I suspect that the information above combined with the statement “Brought up to date….” On the drawing indicates the nickel plated steering gear housing was already being used and they noted that change on the drawing to reflect what was already being done. But that is my limited understanding. I would welcome other comments on what it meant or may have meant. From memory again (not as reliable as a reference), I believe John Regan and others have posted about that subject in the past.
“IF” it meant that the nickel plated steering gear cases were already in production by Jun 14, 1917, and “IF” we are seeing black paint on the steering gear case in the original first photo, then that would date the car Jun 1917 or earlier. (Note they would have used up the black gear cases – so if an assembly plant had them – they would have used them – so perhaps a little later. So a likely time frame would be Apr – early Jun 1917. And it might be a wider range than that.
If the gear case in the photo is not black but is nickel plated – then the combination horn & light switch would bracket the upper date around Nov 1919 (again depending on how much overlap when both styles would have been used). Ref http://www.mtfca.com/discus/messages/118802/156885.html John shared:
The hole for the headlamp switch was removed from the dash board drawing as of 10/2/17. Remember that this is the date that the design changed - not the on-the-car date. Thus there would still be inventory on hand of dashes with light switch hole on that date. Usually when Ford phased in such a change that totally relocated something - he coordinated that with inventory of existing parts so that it all worked out but also remember that he would continue to have replacement parts on hand so he likely still had light switches in stock when the hole was completely gone. There are ample examples in the "record of changes" where Ford stated exactly how old parts/materials were to be used up. It clearly would look like a 1918 phase in date since the 1918 model year begins on 10/1/17 and this change takes place after that date. If the change was phased in before that date then there would be dashes with empty holes in them and I have never seen that but that does not mean it to be impossible. I think more likely the change to the new switch occurred when the new dashes started to show up and if the dash had a hole in it - they used the old switch. They had not yet rerouted any wiring formally.

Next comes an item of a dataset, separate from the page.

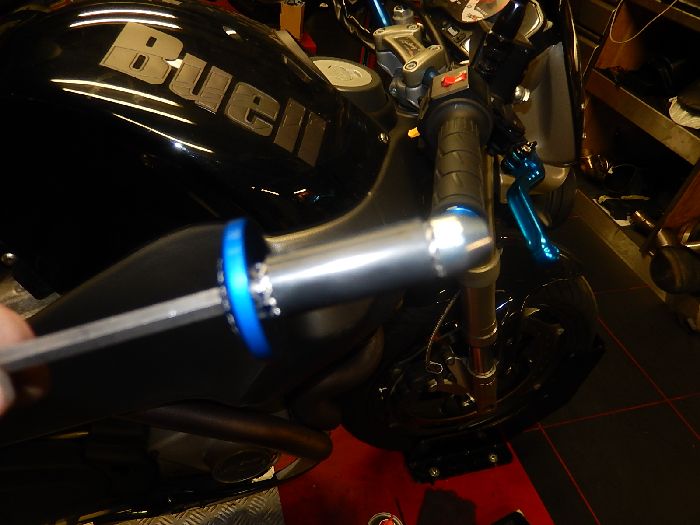 Buell XB12SS, rear tire change , bar end cap on.

On 12/8/17 they added pilot holes to the front side of the dash for mounting the dimmer coil which was not used with the push/pull switch. The dimmer coil was a tapped inductor that had 3 wires and was used in conjunction with the combo switch.
ON 12/18/17 they moved the junction screw for the headlight wire from its location just to the right side of the carb hole to a new location just to the left of this hole. This would seem to indicate a new route for the headlight wire at least slightly since the switch had moved so it makes sense to probably reroute the wire and its junction screw.
Again I must remind you that all of these dates are design change dates rather than on-the-car dates.